What is a Customer Persona?
A customer persona is a generalized identity that suits certain groups, but these are not just simple assumptions. Customer personas often rely on concrete data and are designed to help brands market to specific individuals. As brands grow, this becomes more important.
Building a Customer Persona
1. Website Trending
Trending is a crucial tool in the world of marketing and it applies here. One great way to start building customer personas is to learn from the data that is available. Your website alone should be able to offer key insights regarding your website visitors. Using this information as a place to start can be extremely helpful.
2. Use Forms and Profiles
A great way to take this one step further is to gather data as part of a profile. If your customers make a profile on your website, you can use this as a great opportunity to find out more about them. Using general forms and questionnaires, you can get a much stronger read on your customer personas through a profile alone.

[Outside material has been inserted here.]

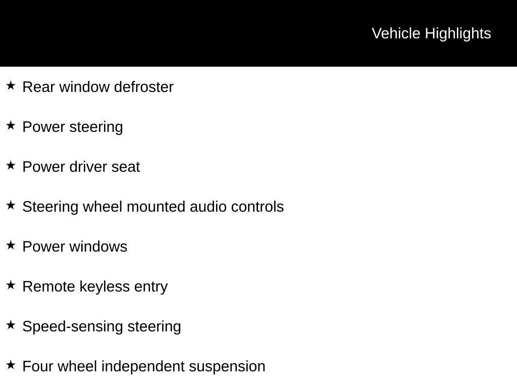 - Tailgate/Rear Door Lock Included w/Power Door Locks

By now, the average shopper knows that brands offer individualized marketing based on the data that they have. We expect that brands will know what we keep looking at on a website or what we have tucked away in our baskets for payday—and that is a good thing. It means that more customers are becoming interested in sharing their information in order to receive that personalized experience.
3. Ask for Feedback
Any time that someone interacts with your brand, you should be curious about their experience. Every audience is different, and within those audiences you will find more people who just want something different than the rest. Your goal is to get a common theme, not put every single customer into a simple box. Feedback can help with this by letting customers tell you who they are.
4. Learn From Your Team
No one knows better about the interests of a customer than your employees. The individuals who regularly interact with customers will always have a much better gauge on what your customers want. These are the individuals who will hear customers talking and see how certain items never seem to move off the shelves.